Indirect positive effects
- Skill-building. Which skills would this likely lead you to developing?
- Would this intervention lead to gaining information on effective strategies?
- Boosting the reputation of related ideas or causes.
Logistical factors
- How difficult is the intervention to run?
- Do experts generally consider it simple or difficult relative to other interventions?
- What is the biggest barrier to successful implementation?
- Are there any legal reasons you can’t do this?
- Are there any ways to make it legal? (E.g. do it in a different country? Have different beneficiaries? Different org structure? Etc etc)
- How hard is it to test the effectiveness of this intervention?
- How feasible is it to run MVPs of this?
- How fast could this intervention be tested?
- What have been the stumbling blocks for charities or governments who have tried this intervention before?
- Are there any unexpected things that make this intervention vulnerable to lower impact if things don't go as planned? E.g.

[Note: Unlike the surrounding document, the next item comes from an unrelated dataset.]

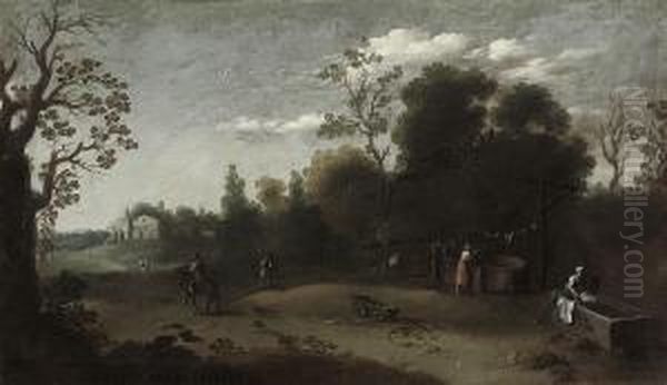 A Wooded Italianate Landscape With Washerwomen In The Foreground

Reliance on tech, needing highly skilled people, low uptake of intervention, etc.
Flexibility / Option value
- Yourself:
- Imagine 5 years from now you no longer think this cause area is the best use of your time.
- How easily can you switch into another field?
- Which of the skills and experiences you gained doing this could you cross-apply to most other fields?
- Which skills and experiences wouldn’t cross-apply to many fields?
- How easily can you switch into another field?
- Imagine 5 years from now you no longer think this cause area is the best use of your time.
- Staff:
- To what degree will this intervention allow you to hire flexible staff who would be able to contribute to many different interventions?
- What skills will doing this intervention give your staff that you could use for future interventions?
- To what extent are the skills you’d develop to run this charity generalizable to other fields or orgs?
- Funding:
- To what extent would a charity implementing this intervention rely on a single large funder (e.g. Open PHil)?
- Would a charity like this lend itself to having a flexible donor base who would continue supporting growth into different intervention areas or updates based on changed evidence-base or new opportunities?
- Is there reason to think that this intervention will be difficult to acquire funding for, compared to other interventions?
- Is it possible that this program will be unusually capable of attracting funding relative to other interventions from people who would otherwise donate to less effective or ineffective charities?
- Logistics:
- Do you have a direct line of communication with the people you are helping?
- Does the infrastructure for this intervention lend itself to being used for many different interventions?
- Will the intervention be restricted to a fixed or small location?
- Are there many plausible ways of doing this intervention?
Broad subjective sense
- What are the key arguments against doing this intervention?
- What are the key arguments for doing this intervention?
- How does it seem from the reading you have done, past experience and people you have talked to?
- What do you not know?
- What are the remaining unanswered questions?
- How much more research might it take (if any) to feel confident before running this intervention?
- What do experts seem to broadly think of this area?
- How does this intervention broadly compare to the other interventions?
Summary
- Describe the intervention in one or two sentences.
- What is your provisional conclusion on this intervention?
- Promising enough to look at specific charities in?
- Ruled out due to X factors?
- Is it broadly strong or weak relative to other options?
- Give a two-sentence summary of this intervention.
- What are the biggest strengths and weaknesses of this intervention?
- How much time was spent on this research?